‘Broken dreams’: Appin mine contractors hit the street over wage cuts

“A fair day’s work for a fair day’s pay” and “we all refuse to risk our lives underground for a mere $24/hr”.

They were the statements, written on separate placards, which summed up why more than 300 people gathered at Appin Park on Thursday morning. 

The 9am gathering was no morning picnic. Rather an assembly of Appin Colliery contractors, their families, supporters and state politicians in a union-led protest against the ongoing wage gap between permanent and contract workers at the South32 mine. 

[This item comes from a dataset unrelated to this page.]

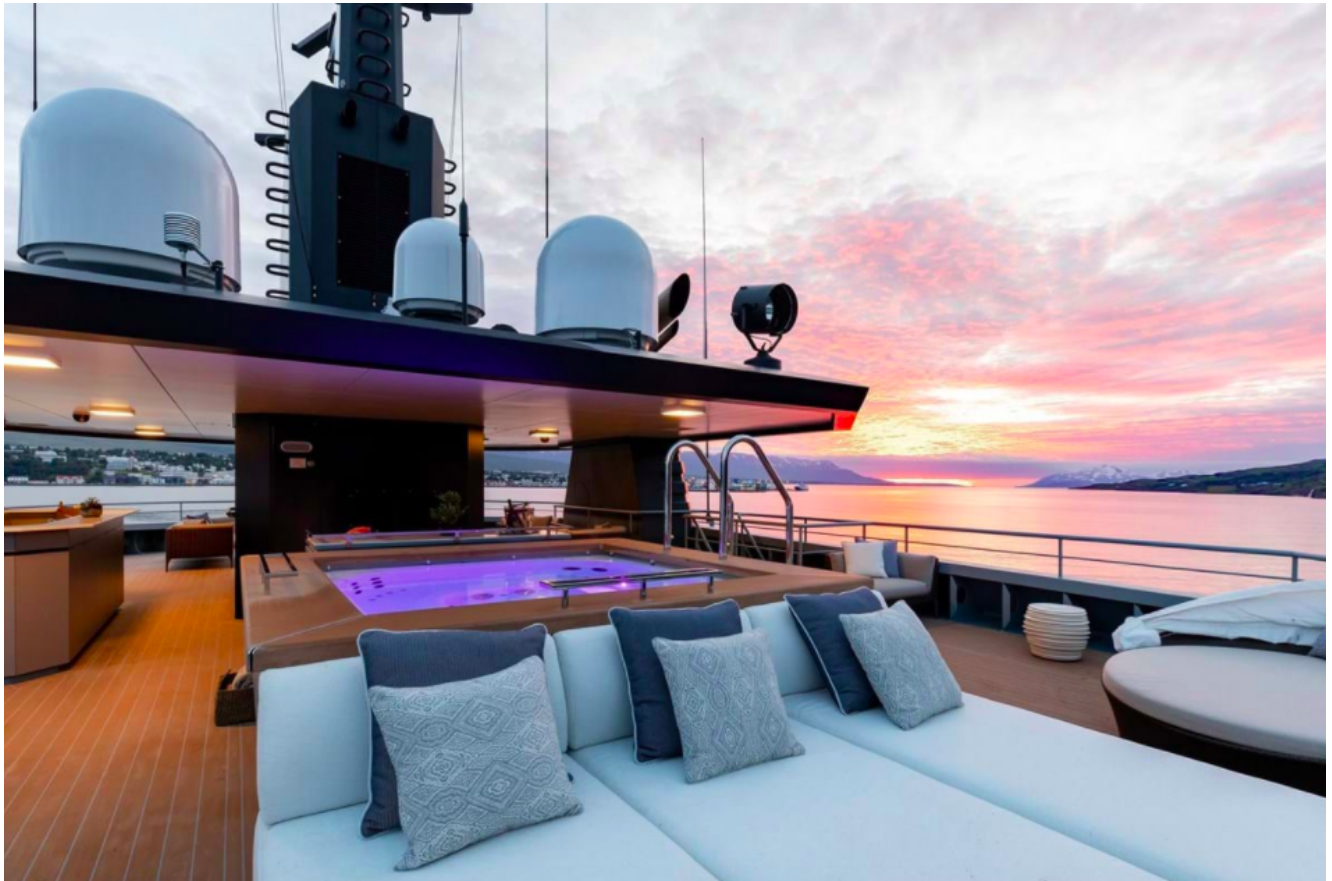
The top deck and jacuzzi.

Starting our tour on the very top, we can find an expansive outdoor living space. It's a place of tranquillity where guests can relax in the jacuzzi whilst enjoying the far-reaching views seen from atop the superyacht. Additionally, there is a bar and barbecue and plenty of seating areas to kick back and relax.

The public demonstration was held amid concerns a new two-year, $50 million agreement between South32 and labour hire company Mastermyne – to supply miners at Appin – would hit contract workers hard.

Contractors have already had their wages cut by 40 per cent over the past two years, according to the union.

“This park’s full of broken dreams,” the CFMEU’s district vice-president, Bob Timbs, told the crowd. 

“We know you guys got a job in the industry, not because you woke up one morning and went ‘jeez, I might go and work in one of the most hostile, dangerous industries in the world because it’s going to be great fun’.

“You [have] done that because you wanted to make a good living, to support your family … and to put some money back into the community.

“South32 alone, with the help of Mastermyne and Delta, have broken your dreams.”

The miners were supported at Thursday’s rally by the Illawarra’s three state Labor MPs – Ryan Park (Keira), Paul Scully (Wollongong) and Anna Watson (Shellharbour).

Mr Park, Labor’s Illawarra spokesman told the crowd the region’s residents lived in one of the oldest coal mining districts in the country. 

The MP stressed he wouldn’t stand by and watch men and women “go a thousand metres underground and get paid the same amount that you can working at Bunnings”.

“We benefit from the work that you do each and every day,” he said. 

“Our quality of life is only because you extract that precious black diamond from the ground.”

Young and old, protesters took to the footpaths around the park precinct after a planned march down the main street was thwarted by police. 

A spokesman for South32 said the company engages contract labour at the Appin mine in order to “flexibly manage operational requirements as well as tasks which exceed the day-to-day needs of our core business activities, such as periods of intense project work and recovery work”.

South32 employs more than 1800 people, both employees and contractors, in the Illawarra.

“Commodities markets are cyclical and volatile. South32 is focussed on building a long-term sustainable business that endures market upswings and downswings,” the spokesman said.

“To remain a commercially viable business in the long-term, providing ongoing employment for both employees and contractors, South32 seek to enter into sustainable and responsible contracts.

“Our standard supply contracts require our suppliers to comply with all applicable legislation, including that related to labour.”

The Mercury has contacted Mastermyne for comment.

‘They breathe the same air, do the same work’

Former miner Paul Rossandich, who worked at the West Cliff Colliery for 34 years, has “seen all this before”.

“No one should work underground [with] a contractor on one wage and a permanent person on another wage – they breathe the same air and they do the same work,” Mr Rossandich, from Bombo, told the Mercury

The 68-year-old, who retired about eight years ago, was one of more than 300 people who rallied over wage inequality between permanent and contract workers in Appin on Thursday. 

Mr Rossandich was “fortunate enough to be a permanent employee” during his time underground and said the conditions and wages for current contractors were “just unacceptable”.

Retired miner Paul Rossandich, from Bombo, at Thursday's rally in Appin. Picture: Robert Peet

Retired miner Paul Rossandich, from Bombo, at Thursday's rally in Appin. Picture: Robert Peet

“I wouldn’t work down there,” he said.

“I know technology’s improved and everything but still it’s a hazardous and dangerous environment.” 

Having worked in many facets of mining, from pillar extraction to longwall, Mr Rossandich has “seen the good, the bad and the ugly”.   

“Now I’m seeing the ugly, the ugly, the ugly,” he said.